* What you need to do *
Nothing but the lines below from the one that contains "圖 9. VEO-2 在" through the one that contains "اخبار > برگزاری" should be retyped, exactly and including both ends. Do not include pictures.

* Records for the exercise *
------------

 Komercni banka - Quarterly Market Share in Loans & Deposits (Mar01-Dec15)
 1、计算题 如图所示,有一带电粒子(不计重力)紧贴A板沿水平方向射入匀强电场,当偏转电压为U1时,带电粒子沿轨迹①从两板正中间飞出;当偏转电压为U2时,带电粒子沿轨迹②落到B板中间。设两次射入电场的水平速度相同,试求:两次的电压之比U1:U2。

------------

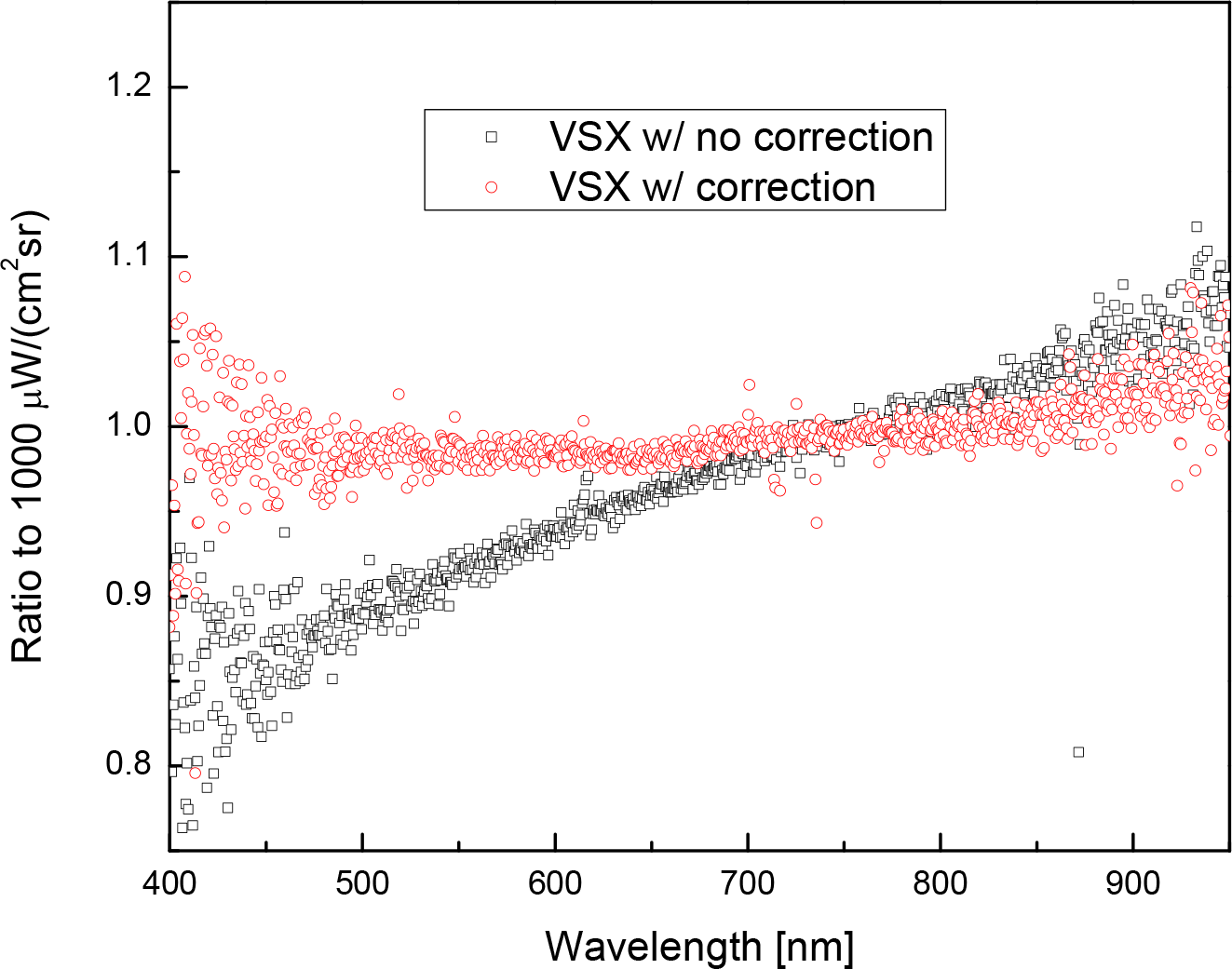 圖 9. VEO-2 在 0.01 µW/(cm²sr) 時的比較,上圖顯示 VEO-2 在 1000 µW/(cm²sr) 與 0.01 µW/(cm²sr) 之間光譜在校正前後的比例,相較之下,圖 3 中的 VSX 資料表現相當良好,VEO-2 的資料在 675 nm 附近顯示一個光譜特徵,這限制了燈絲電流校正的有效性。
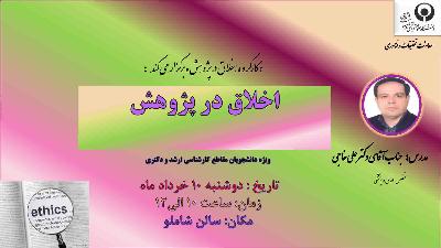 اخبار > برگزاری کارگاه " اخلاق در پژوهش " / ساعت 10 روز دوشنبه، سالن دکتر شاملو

------------

* Output for this exercise *
 圖 9. VEO-2 在 0.01 µW/(cm²sr) 時的比較,上圖顯示 VEO-2 在 1000 µW/(cm²sr) 與 0.01 µW/(cm²sr) 之間光譜在校正前後的比例,相較之下,圖 3 中的 VSX 資料表現相當良好,VEO-2 的資料在 675 nm 附近顯示一個光譜特徵,這限制了燈絲電流校正的有效性。
 اخبار > برگزاری کارگاه " اخلاق در پژوهش " / ساعت 10 روز دوشنبه، سالن دکتر شاملو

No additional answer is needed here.